Stored dataset items:
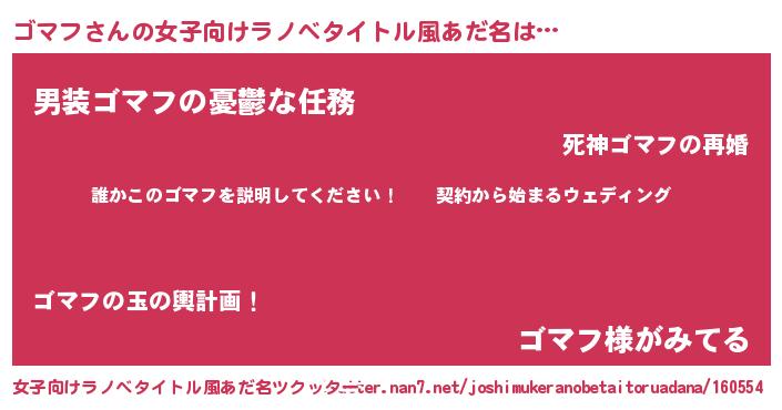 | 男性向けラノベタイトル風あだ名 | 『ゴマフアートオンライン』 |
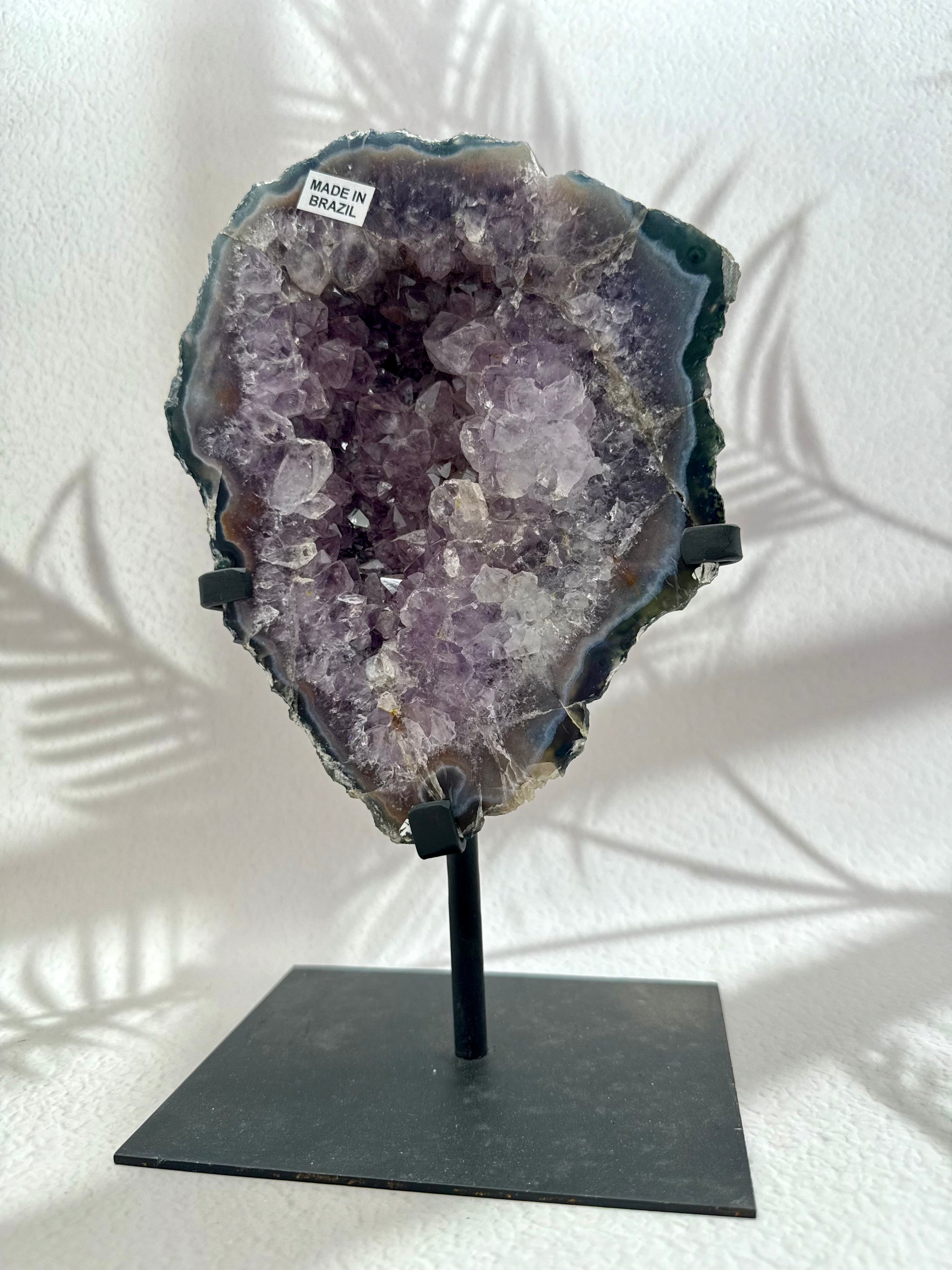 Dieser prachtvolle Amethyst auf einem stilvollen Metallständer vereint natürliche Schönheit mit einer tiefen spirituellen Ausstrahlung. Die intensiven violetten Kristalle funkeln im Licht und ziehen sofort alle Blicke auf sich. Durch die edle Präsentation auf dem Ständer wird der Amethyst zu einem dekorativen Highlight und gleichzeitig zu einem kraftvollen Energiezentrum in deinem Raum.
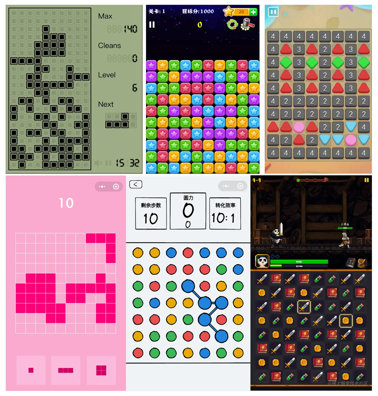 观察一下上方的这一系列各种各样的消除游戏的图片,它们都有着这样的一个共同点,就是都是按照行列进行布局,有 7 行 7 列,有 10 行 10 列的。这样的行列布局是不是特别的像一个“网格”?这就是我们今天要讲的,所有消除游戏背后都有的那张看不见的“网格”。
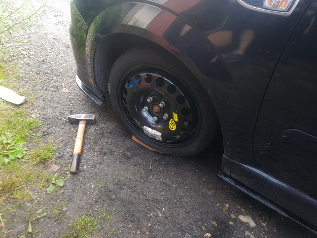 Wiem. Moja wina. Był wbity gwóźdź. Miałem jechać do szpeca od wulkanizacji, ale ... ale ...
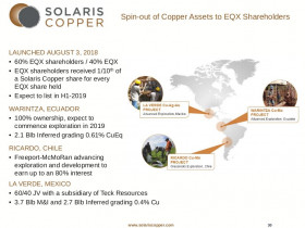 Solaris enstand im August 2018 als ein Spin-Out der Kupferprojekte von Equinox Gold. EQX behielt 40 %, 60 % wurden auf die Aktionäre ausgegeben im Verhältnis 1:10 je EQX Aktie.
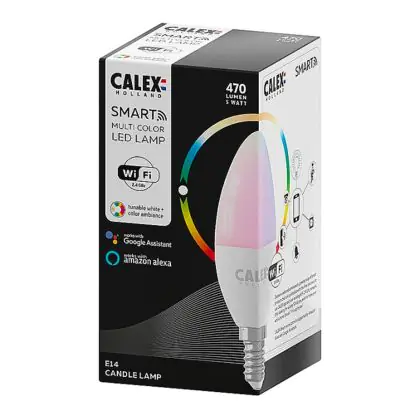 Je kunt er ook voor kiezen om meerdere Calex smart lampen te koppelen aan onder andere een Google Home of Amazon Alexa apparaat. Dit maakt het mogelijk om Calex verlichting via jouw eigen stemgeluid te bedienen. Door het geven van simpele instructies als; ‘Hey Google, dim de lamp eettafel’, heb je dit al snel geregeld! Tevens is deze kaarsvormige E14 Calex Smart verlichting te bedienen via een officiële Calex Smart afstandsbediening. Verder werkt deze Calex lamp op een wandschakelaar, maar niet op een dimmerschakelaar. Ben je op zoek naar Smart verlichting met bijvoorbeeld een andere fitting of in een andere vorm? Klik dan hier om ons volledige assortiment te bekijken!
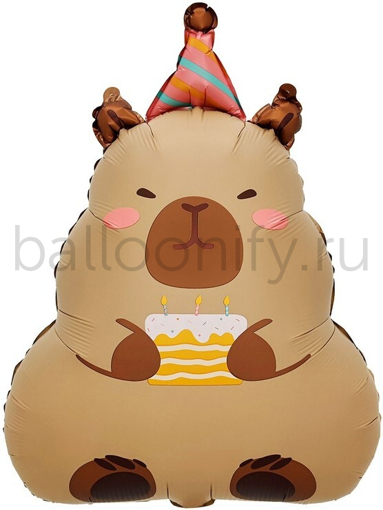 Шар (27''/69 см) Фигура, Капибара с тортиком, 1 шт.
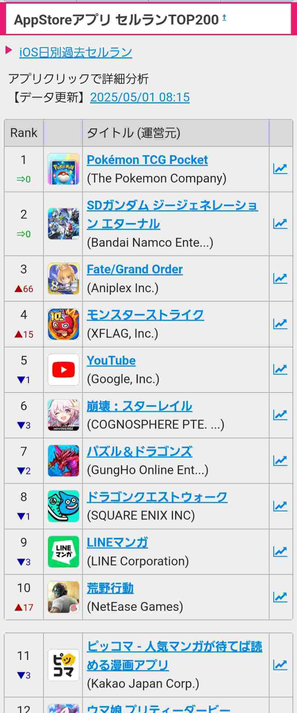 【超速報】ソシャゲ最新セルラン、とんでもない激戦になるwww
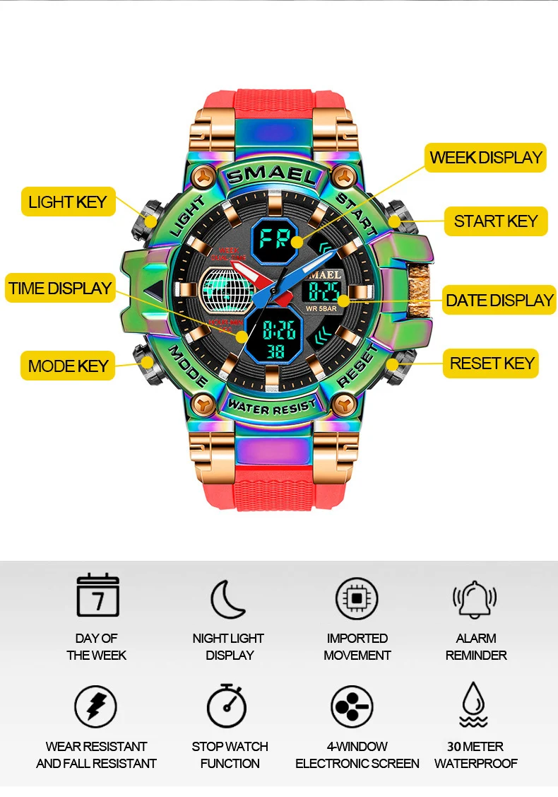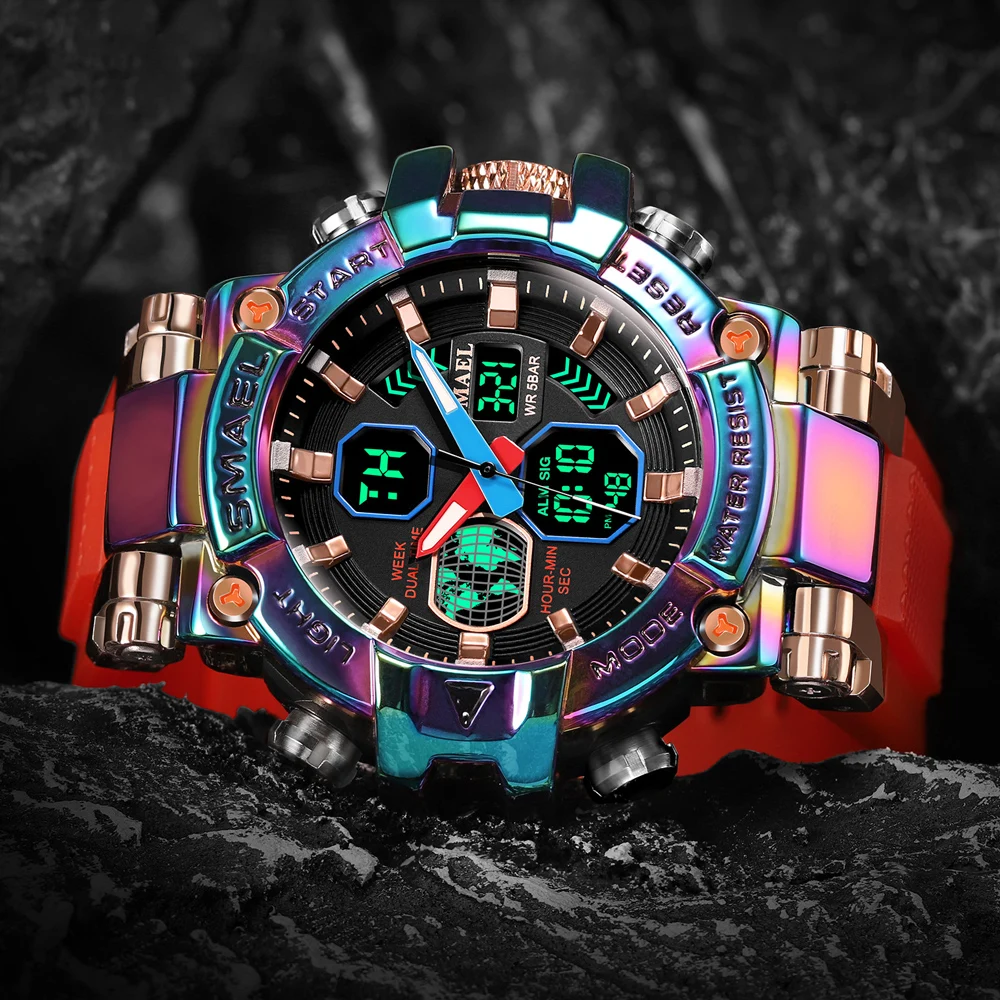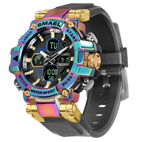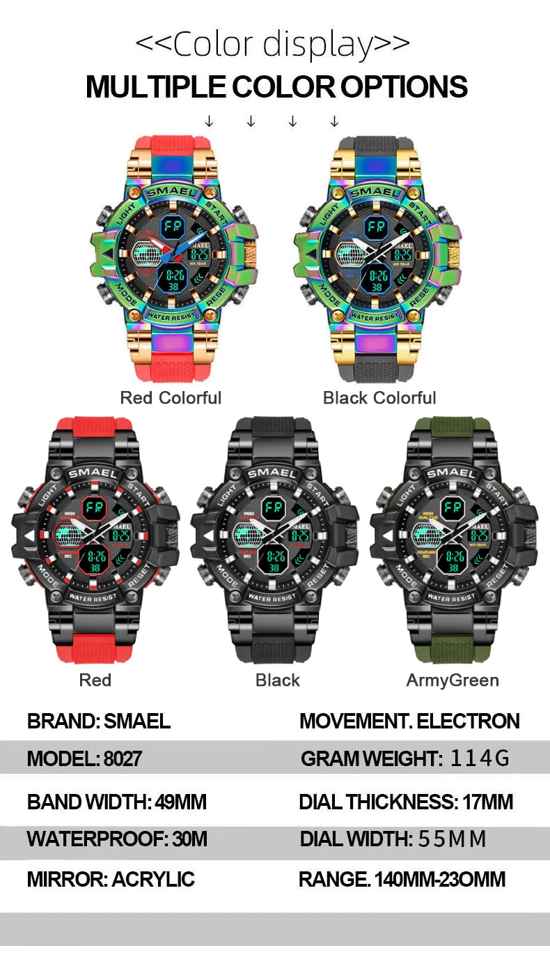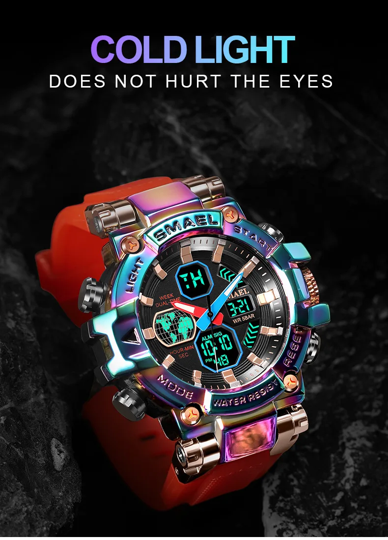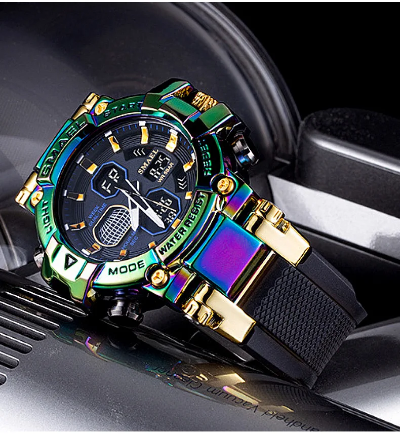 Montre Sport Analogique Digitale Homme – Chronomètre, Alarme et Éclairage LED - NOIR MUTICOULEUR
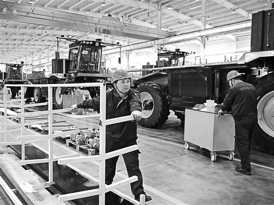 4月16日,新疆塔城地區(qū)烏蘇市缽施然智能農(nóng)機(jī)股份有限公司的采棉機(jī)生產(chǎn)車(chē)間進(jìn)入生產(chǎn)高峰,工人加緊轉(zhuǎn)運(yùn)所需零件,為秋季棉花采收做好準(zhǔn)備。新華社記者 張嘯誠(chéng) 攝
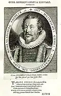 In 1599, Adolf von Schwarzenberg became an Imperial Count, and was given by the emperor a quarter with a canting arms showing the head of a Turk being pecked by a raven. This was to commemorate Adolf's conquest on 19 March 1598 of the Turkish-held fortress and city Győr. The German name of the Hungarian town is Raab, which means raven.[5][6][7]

#### Task prompt:
Exactly the lines from the one with "Wiem. Moja wina." through the end of the records should be written out, and only those. Pictures do not belong in the copy.

#### Answer for the task:
 Wiem. Moja wina. Był wbity gwóźdź. Miałem jechać do szpeca od wulkanizacji, ale ... ale ...
 Solaris enstand im August 2018 als ein Spin-Out der Kupferprojekte von Equinox Gold. EQX behielt 40 %, 60 % wurden auf die Aktionäre ausgegeben im Verhältnis 1:10 je EQX Aktie.
 Je kunt er ook voor kiezen om meerdere Calex smart lampen te koppelen aan onder andere een Google Home of Amazon Alexa apparaat. Dit maakt het mogelijk om Calex verlichting via jouw eigen stemgeluid te bedienen. Door het geven van simpele instructies als; ‘Hey Google, dim de lamp eettafel’, heb je dit al snel geregeld! Tevens is deze kaarsvormige E14 Calex Smart verlichting te bedienen via een officiële Calex Smart afstandsbediening. Verder werkt deze Calex lamp op een wandschakelaar, maar niet op een dimmerschakelaar. Ben je op zoek naar Smart verlichting met bijvoorbeeld een andere fitting of in een andere vorm? Klik dan hier om ons volledige assortiment te bekijken!
 Шар (27''/69 см) Фигура, Капибара с тортиком, 1 шт.
 【超速報】ソシャゲ最新セルラン、とんでもない激戦になるwww
 Montre Sport Analogique Digitale Homme – Chronomètre, Alarme et Éclairage LED - NOIR MUTICOULEUR
 4月16日,新疆塔城地區(qū)烏蘇市缽施然智能農(nóng)機(jī)股份有限公司的采棉機(jī)生產(chǎn)車(chē)間進(jìn)入生產(chǎn)高峰,工人加緊轉(zhuǎn)運(yùn)所需零件,為秋季棉花采收做好準(zhǔn)備。新華社記者 張嘯誠(chéng) 攝
 In 1599, Adolf von Schwarzenberg became an Imperial Count, and was given by the emperor a quarter with a canting arms showing the head of a Turk being pecked by a raven. This was to commemorate Adolf's conquest on 19 March 1598 of the Turkish-held fortress and city Győr. The German name of the Hungarian town is Raab, which means raven.[5][6][7]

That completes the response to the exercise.